I largely agree with the sentiment that keywords shouldn't be allowed as identifiers. Most modern computing languages have 20 or maybe 30 keywords, in which case imposing a moratorium on their use as identifiers is entirely reasonable. Unfortunately, SQL comes from the old COBOL school of languages ("computing languages should be as similar to English as possible"). Hence, SQL (like COBOL) has several hundred keywords.
I don't recall if the SQL standard says anything about whether reserved words must be permitted as identifiers, but given the extensive (excessive!) vocabulary it's unsurprising that several SQL implementations permit it.

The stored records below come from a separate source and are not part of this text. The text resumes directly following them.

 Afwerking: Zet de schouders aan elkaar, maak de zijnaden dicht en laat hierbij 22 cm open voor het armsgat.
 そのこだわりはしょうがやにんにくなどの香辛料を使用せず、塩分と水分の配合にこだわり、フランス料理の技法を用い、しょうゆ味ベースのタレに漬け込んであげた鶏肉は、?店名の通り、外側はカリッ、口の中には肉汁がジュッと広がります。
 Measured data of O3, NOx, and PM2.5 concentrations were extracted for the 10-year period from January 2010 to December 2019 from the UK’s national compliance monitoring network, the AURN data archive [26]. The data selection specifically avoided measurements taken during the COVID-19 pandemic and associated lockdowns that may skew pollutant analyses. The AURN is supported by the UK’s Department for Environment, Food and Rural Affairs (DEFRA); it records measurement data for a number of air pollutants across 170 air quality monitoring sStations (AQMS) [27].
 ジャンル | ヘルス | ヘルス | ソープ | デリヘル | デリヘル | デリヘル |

Having said that, using keywords as identifiers isn't half as silly as the whole concept of quoted identifiers in SQL (and these aren't DB2 specific). Permitting case sensitive identifiers is one thing, but quoted identifiers permit all sorts of nonsense including spaces, diacriticals and in some implementations (yes, including DB2), control characters! Try the following for example:
CREATE TABLE "My
Tablé" ( A INTEGER NOT NULL );
Yes, that's a line break in the middle of an identifier along with an e-acute at the end... (which leads to interesting speculation on what encoding is used for database meta-data and hence whether a non-Unicode database would permit, say, a table definition containing Japanese column names).
Many SQL parsers (expecially DB2/z, which I use) are smarter than some of the regular parsers which sometimes separate lexical and semantic analysis totally (this separation is mostly a good thing).

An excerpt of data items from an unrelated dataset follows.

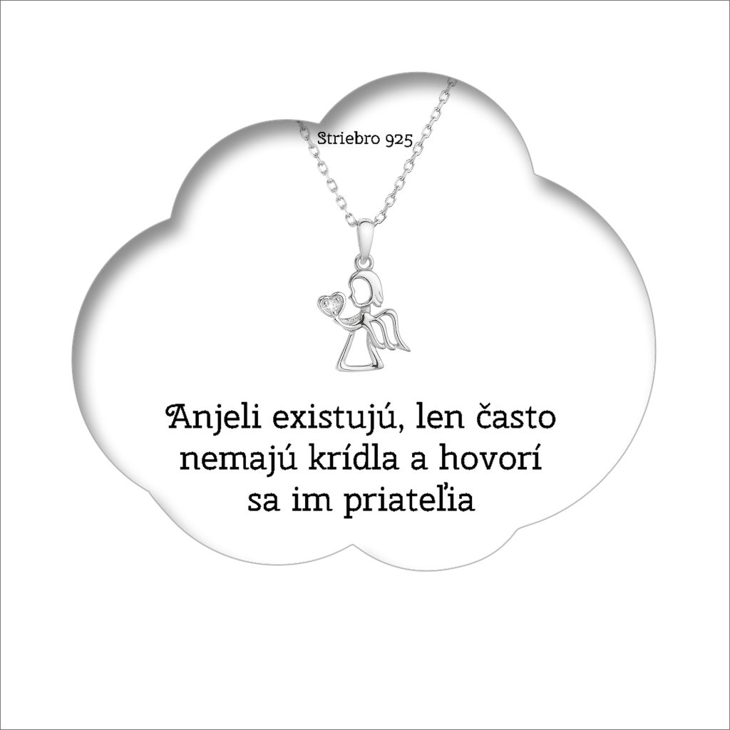 Vybrali sme pre vás limitovanú edíciu darčekovo zabalených šperkov v obláčikovej obálke ako z neba znesené. Nemusíte už nič vymýšľať. Šperk aj kartička s prianím sú tematicky zladené a pripravené ihneď na odovzdanie.Darčekový set obsahuje strieborný náhrdelník anjel držiaci srdiečko zo zirkónu. Je zavesený na darčekovej karte s nádherným prianím „Anjeli existujú, len často nemajú krídla a hovorí sa im priatelia“. Krásny nežný darček pre kamarátku, ktorá je vašim strážnym anjelom.
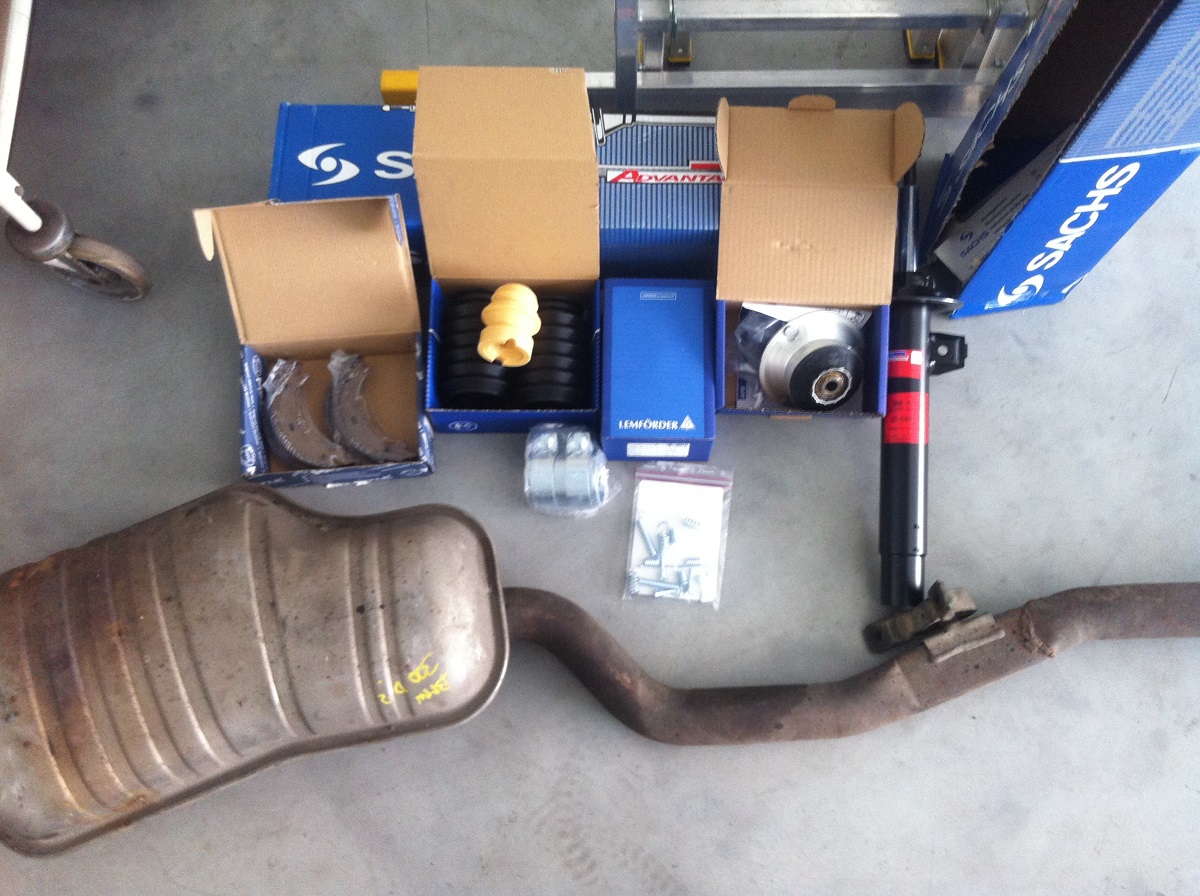 Proběhla konečně výměna předních tlumičů i s horním uložením, výměna výfuku, komplet keramický brzdový destičky, pakny na ruční brzdu, zadní rozpěra mezi tlumiče, která funguje výborně a ještě mě čekají nasadit nějaký plastíky na podvozek, hardyspojka a uložení kardanu, vše už mám koupené
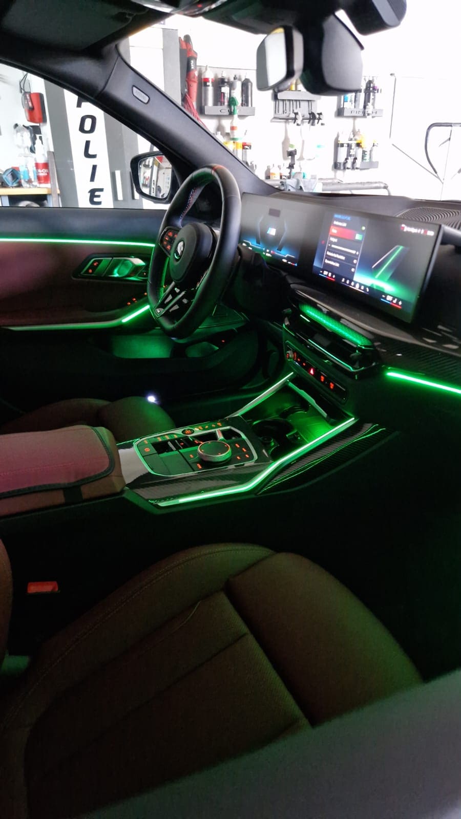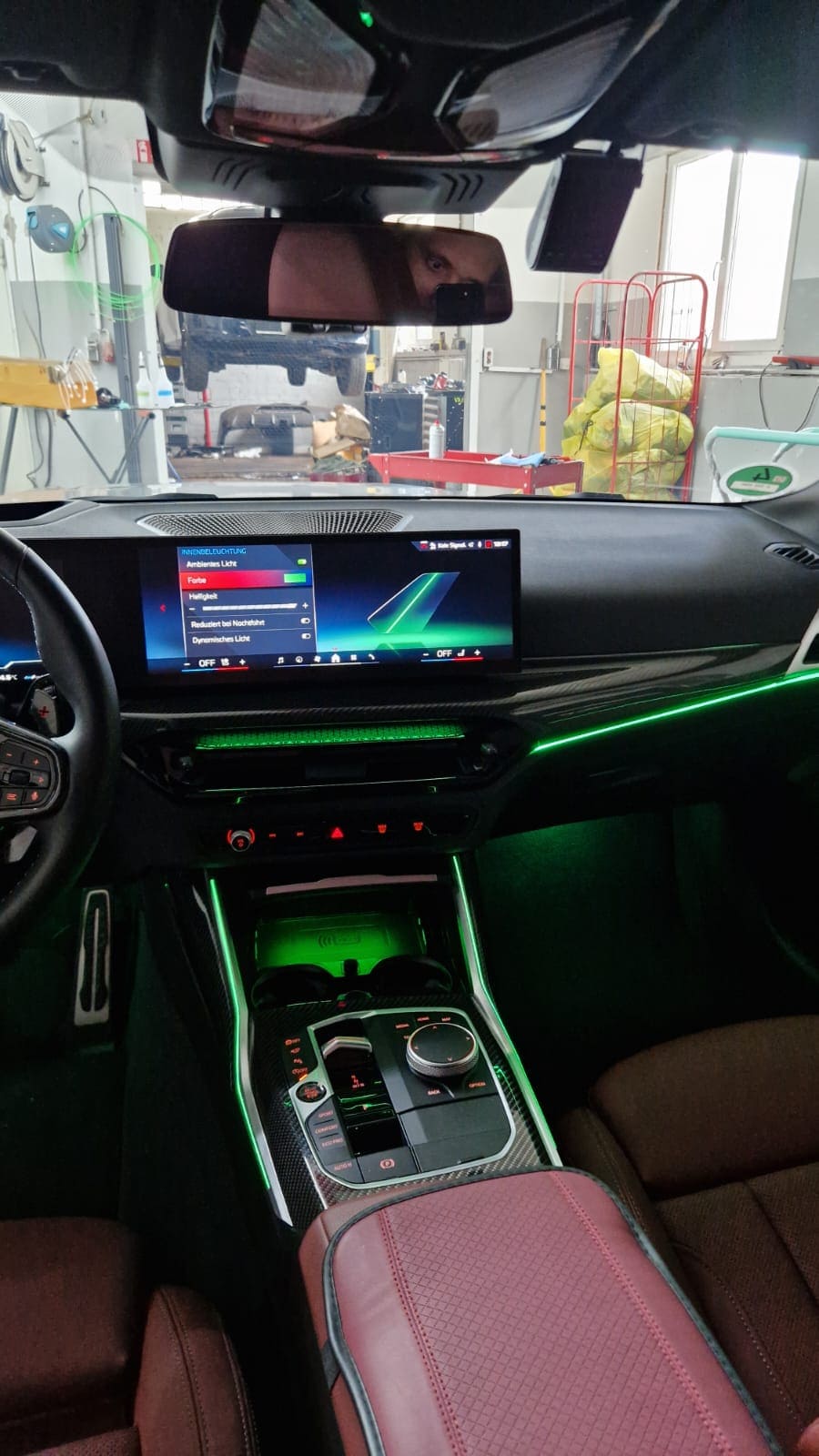 - Steuerung über das iDrive: Nahtlose Integration in das BMW iDrive-System ermöglicht es Ihnen, Farben, Helligkeit und Lichteffekte bequem über den zentralen Bildschirm anzupassen.
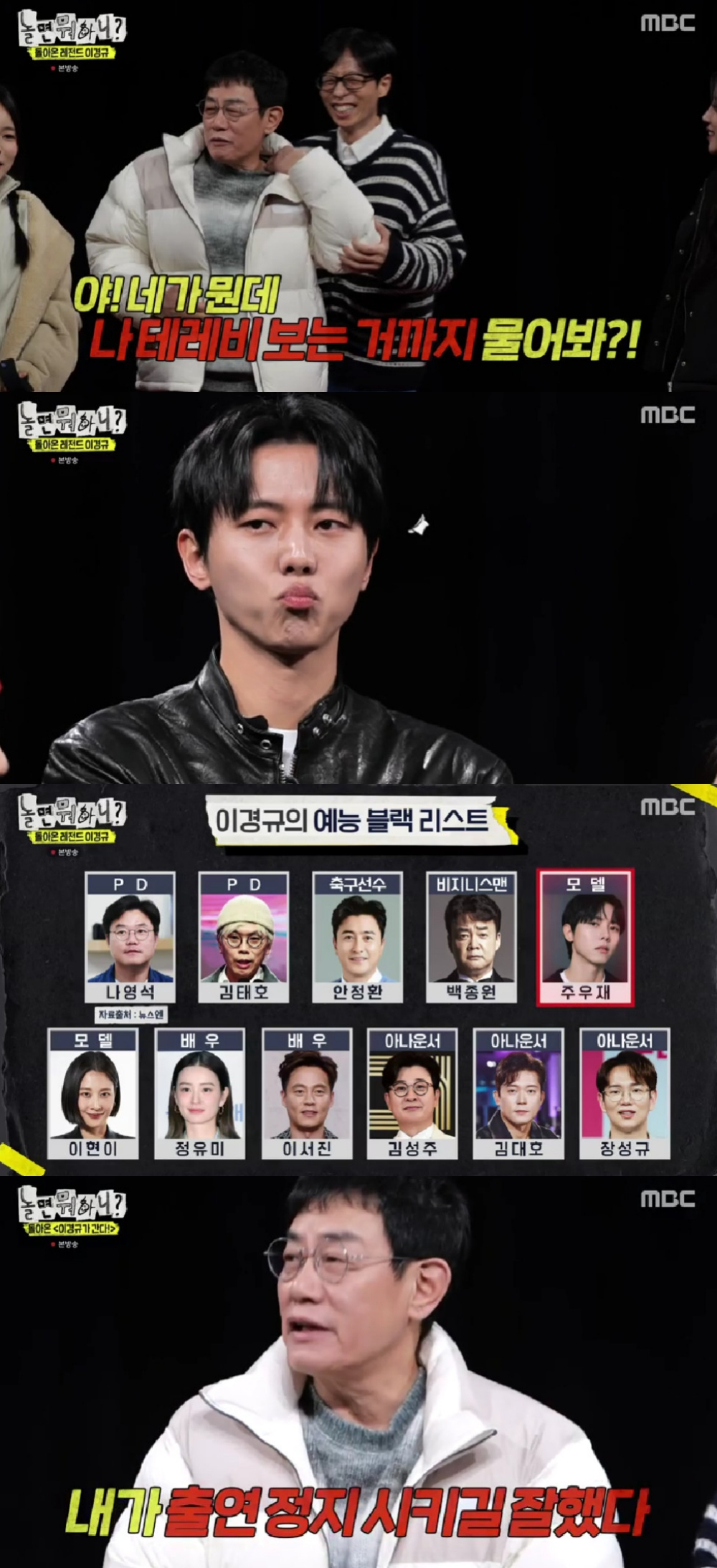 '놀면 뭐하니?'의 이경규가 '예능 블랙리스트'에 오른 주우재를 언짢아했다.

The SQL parsers can figure out based on context whether a keyword is valid or should be treated as an identifier.
Hence you can get columns called ORDER or GROUP or DATE (that's a particularly common one).
It does annoy me with some of the syntax coloring editors when they brand an identifier with the keyword color. Their parsers aren't as 'smart' as the ones in DB2.
Because object names are ... names. All database systems let you use quoted names to stop you from running into trouble.
If you are running into issues, the fault lies not with the practice of permitting object names to be names, but with faulty implementations, or with faulty code libraries which don't automatically quote everything or cannot be made to quote names as-needed.
Interestingly you can use keywords as field names in SqlServer as well. The only differenc eis that you would need to use parenthesis with the name of the field
so you can do something like
create table [order](
id int,
[order] varchar(50) )
and then :)
select
[order]
from
[order]
order by [order]
That is of course a bit extreme example but at least with the use of parenthesis you can see that [order] is not a keyword.
The reason I would see people using names already reserved by keywords is when there is a direct mapping between column names, or names of the tables and the data presentation. You can call that being lazy or convenient.